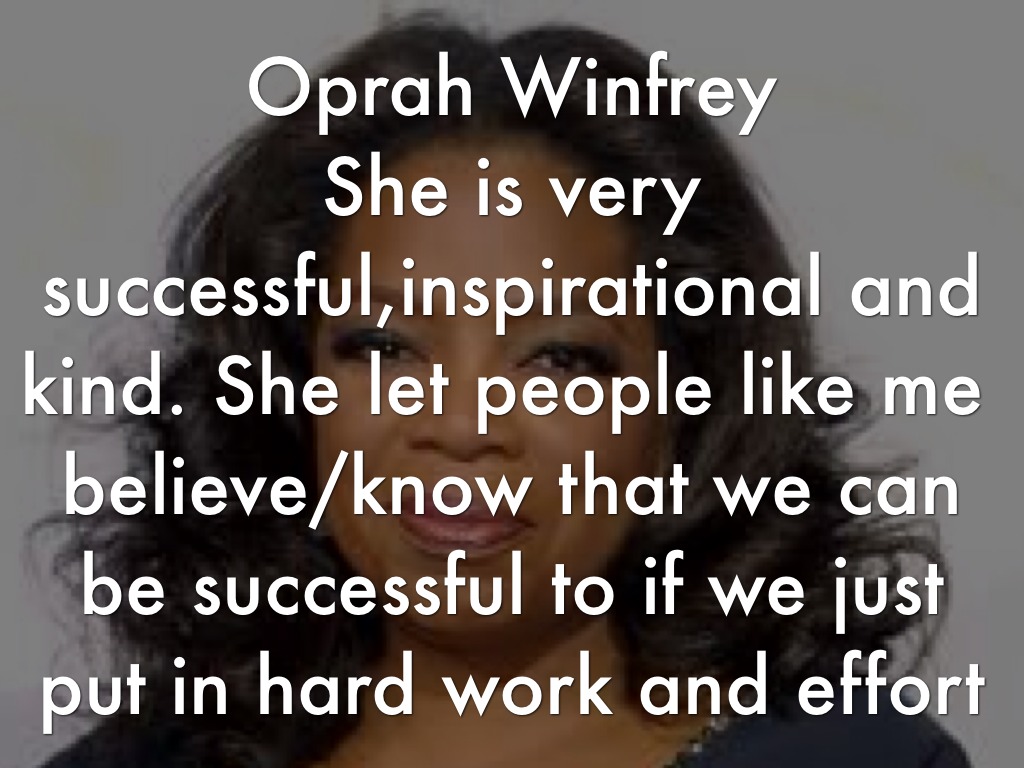 Oprah Winfrey She is very successful,inspirational and kind. She let people like me believe/know that we can be successful to if we just put in hard work and effort
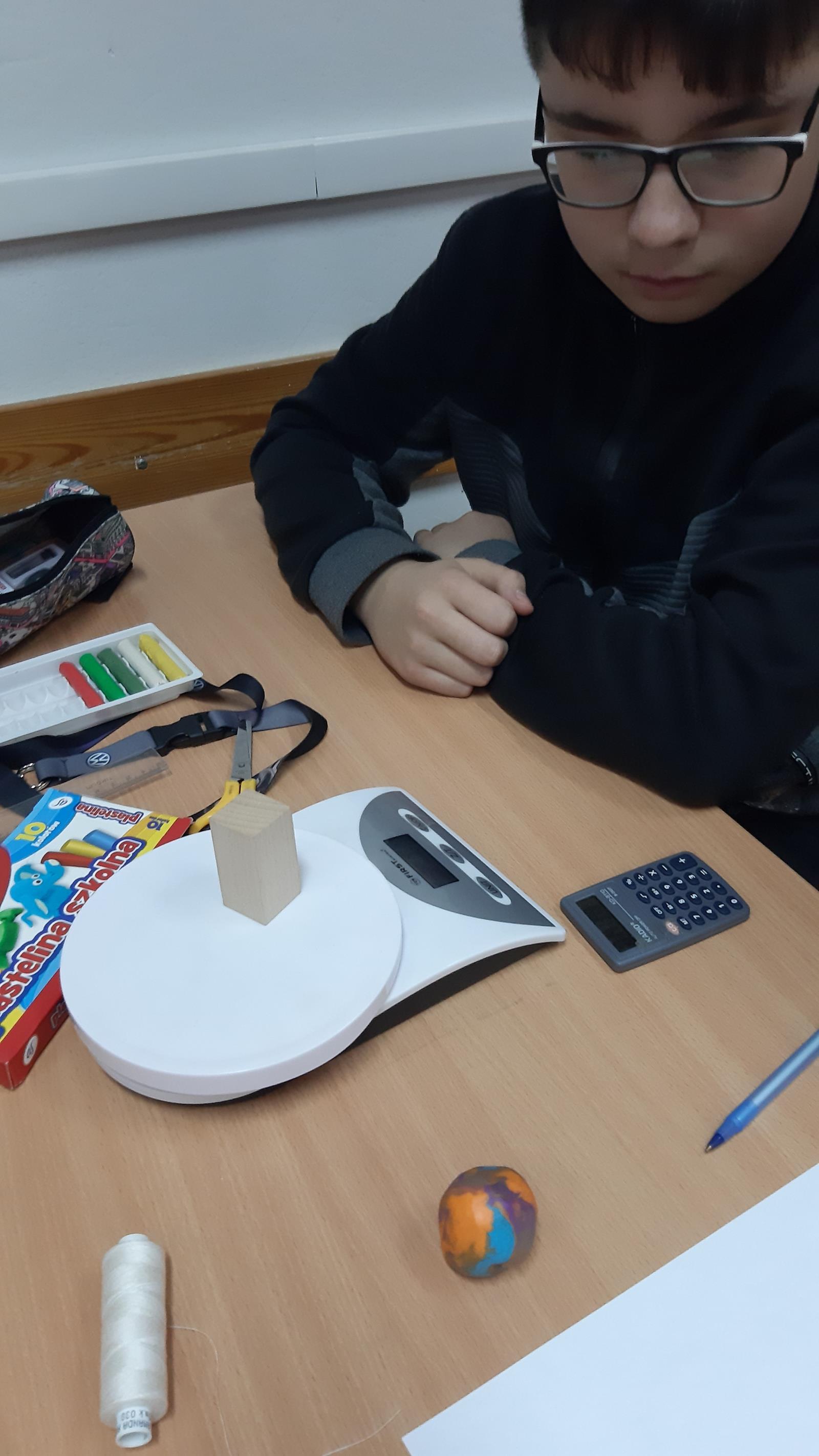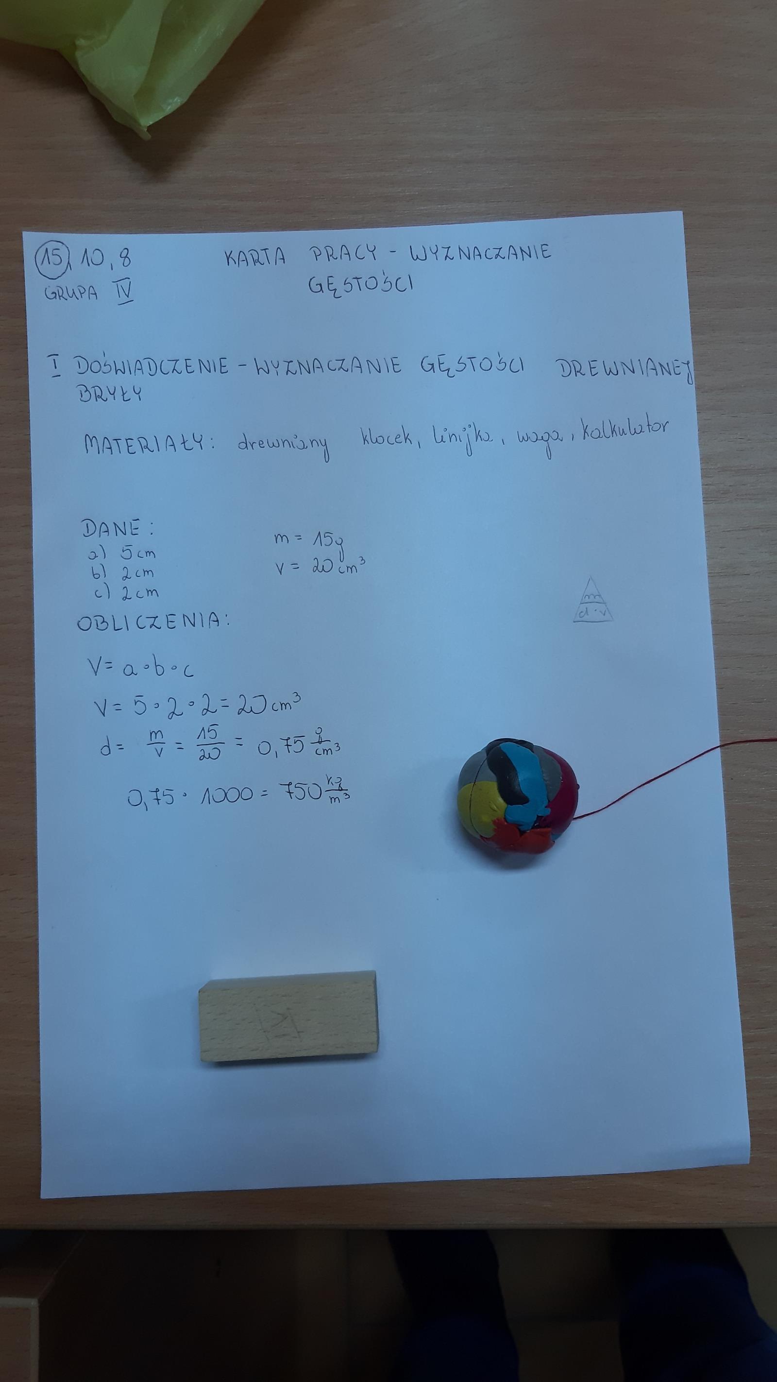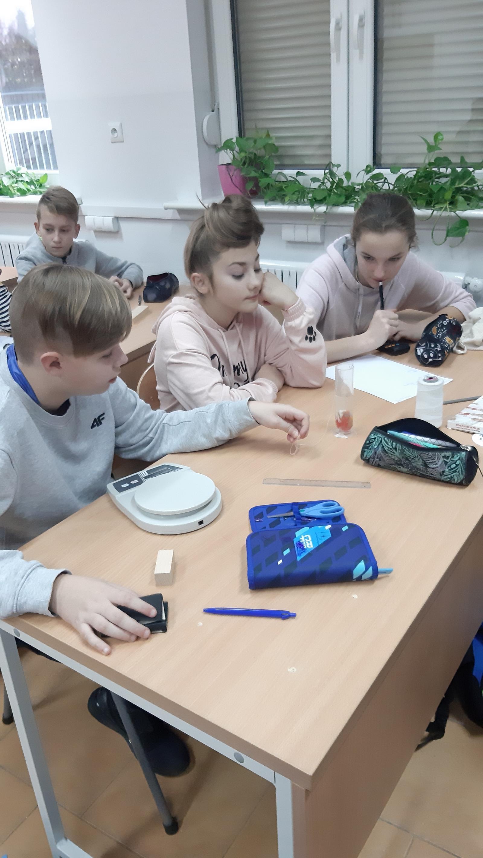 Na jednej z listopadowych lekcji fizyki wyznaczaliśmy gęstość ciał stałych: drewnianego klocka i plasteliny. Wykorzystaliśmy różne przyrządy miernicze i obliczeniowe: waga elektroniczna, cylinder miarowy, linijka, kalkulator. Każde doświadczenie opisaliśmy na kartach pracy podając dane, obliczenia oraz zamianę jednostek gęstości. Dzięki tym doświadczeniom mogliśmy łatwiej zrozumieć zagadnienia przedstawione na lekcjach. Oto krótka fotorelacja z naszych dokonań
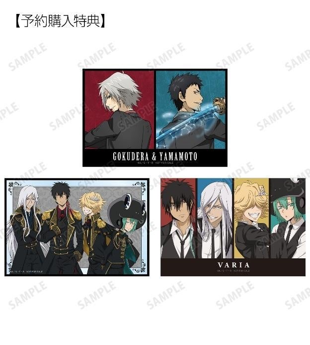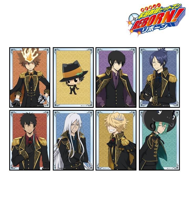 沢田 綱吉、リボーン、獄寺 隼人(10年後)、山本 武(10年後)、雲雀 恭弥(10年後)、六道 骸(10年後)、XANXUS(10年後)、スペルビ・スクアーロ(10年後)の描き下ろしイラストをクリアカードに仕上げました。
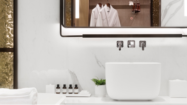 夜幕降臨,賓客可慵懶地置身浴缸之中,閉目享受由B&O音響帶來的音樂廳般沉浸式體驗(yàn)。或從飄臺(tái)取過剛剛煮好的香茗,讓茶香雅韻充盈唇齒。酒店備好的浴品套裝,將讓賓客從發(fā)絲到肌膚,皆浸潤(rùn)于LE LABO的香氛宇宙,奢寵體驗(yàn)無與倫比。
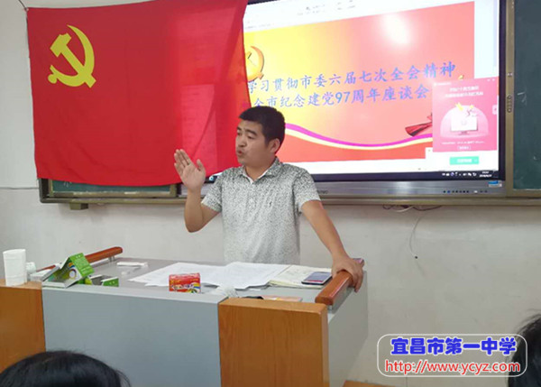 8月27日下午,我校高二支部全体党员在一中新校区二号教学楼一楼合班教室,举行以“学习贯彻市委六届七次全会精神和全市纪念建党97周年座谈会精神”为主题的支部党日活动。本次支部党日活动由支部书记蔡利鹏同志主持。
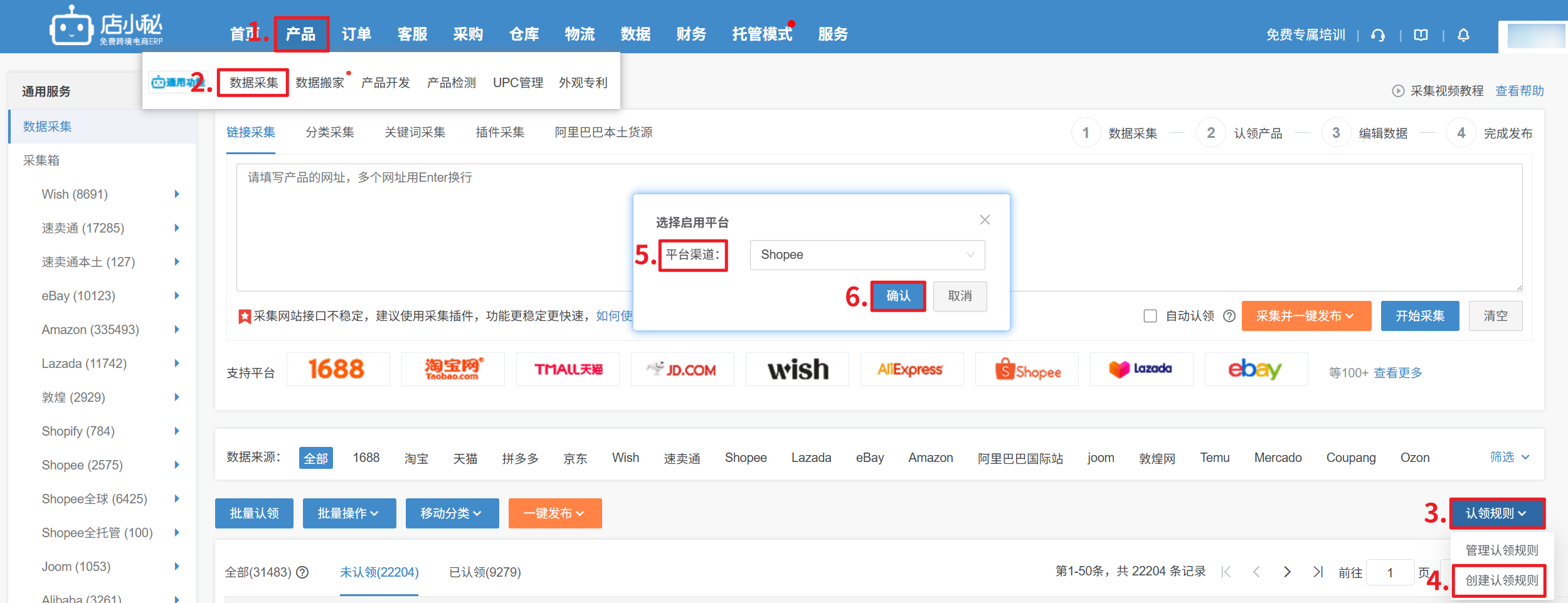 第一步:【产品—数据采集—认领规则—创建认领规则—选择Shopee—确定】
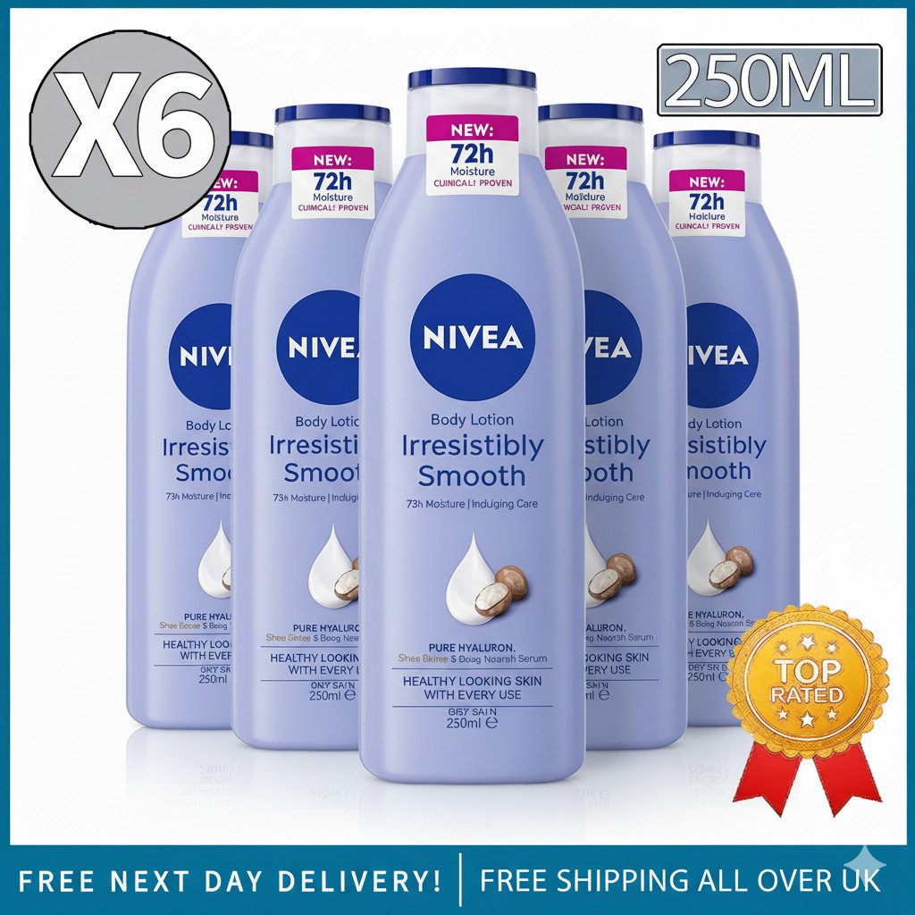 6 x Nivea Body Lotion Irresistibly Smooth 250ml

__ASSIGNED TASK__: An answer that restates all the entries exactly and drops the images is what is needed.

__OUTPUT OF THE TASK__:
 Oprah Winfrey She is very successful,inspirational and kind. She let people like me believe/know that we can be successful to if we just put in hard work and effort
 Na jednej z listopadowych lekcji fizyki wyznaczaliśmy gęstość ciał stałych: drewnianego klocka i plasteliny. Wykorzystaliśmy różne przyrządy miernicze i obliczeniowe: waga elektroniczna, cylinder miarowy, linijka, kalkulator. Każde doświadczenie opisaliśmy na kartach pracy podając dane, obliczenia oraz zamianę jednostek gęstości. Dzięki tym doświadczeniom mogliśmy łatwiej zrozumieć zagadnienia przedstawione na lekcjach. Oto krótka fotorelacja z naszych dokonań
 沢田 綱吉、リボーン、獄寺 隼人(10年後)、山本 武(10年後)、雲雀 恭弥(10年後)、六道 骸(10年後)、XANXUS(10年後)、スペルビ・スクアーロ(10年後)の描き下ろしイラストをクリアカードに仕上げました。
 夜幕降臨,賓客可慵懶地置身浴缸之中,閉目享受由B&O音響帶來的音樂廳般沉浸式體驗(yàn)。或從飄臺(tái)取過剛剛煮好的香茗,讓茶香雅韻充盈唇齒。酒店備好的浴品套裝,將讓賓客從發(fā)絲到肌膚,皆浸潤(rùn)于LE LABO的香氛宇宙,奢寵體驗(yàn)無與倫比。
 8月27日下午,我校高二支部全体党员在一中新校区二号教学楼一楼合班教室,举行以“学习贯彻市委六届七次全会精神和全市纪念建党97周年座谈会精神”为主题的支部党日活动。本次支部党日活动由支部书记蔡利鹏同志主持。
 第一步:【产品—数据采集—认领规则—创建认领规则—选择Shopee—确定】
 6 x Nivea Body Lotion Irresistibly Smooth 250ml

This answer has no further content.